THE CROSSED GUNS
By RUSS DURBIN
Copyright © 2012 by Russ Durbin
Cover Design: Charlene Lavinia
The following story is fiction. It is loosely based on an actual historical event; thus, real names are used in creating a fictional story for your reading entertainment.
THE CROSSED GUNS
The tale of the Crossed Guns was, perhaps, my grandpa’s favorite story. Maybe he liked it best because he had known the people personally. You see, his daddy, my great-grandfather, was the town marshal of that quiet little settlement of St. Joe, Missouri, hidden away in the heart of the Ozarks. Grandpa, although only a boy of ten at the time, was an eye-witness to what happened there. This is his story.
* * *
I reckon nearly all young boys at one time or other have had a fascination for guns, and I was no exception. I never got tired of looking at them, so I guess it was no surprise when the crossed guns on the west wall of Mr. Howard’s parlor drew me like a magnet. I spotted ‘em right off when I went over there to take a pie my Ma had baked when the Howard’s new baby arrived.
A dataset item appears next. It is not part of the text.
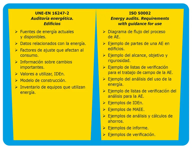 • UNE-EN 16247-2:2014, UNE-EN 16247-3:2014 y UNE-EN 16247-4:2014 aportan los requisitos específicos de aplicación a los sectores de edificios, procesos industriales y transporte, respectivamente. Estos tres ámbitos requieren consideraciones específicas para una correcta estimación del consumo energético. Estas partes específicas han de utilizarse conjuntamente con la UNE-EN 16247-1.

The guns were just alike, right down to their hand-carved walnut hand grips. They were in twin leather holsters, hand tooled in some Spanish design, that were hanging from identical gun belts on two pegs on the wall. One was a right hand holster and the other a left-hander.
The guns gleamed with a light coat of oil. Although I had never seen Mr. Howard wearing a gun, I felt sure they were his. That was exciting ‘cause I had never seen a two-gun man before, although I’d heard my pa talk about a few he’d known.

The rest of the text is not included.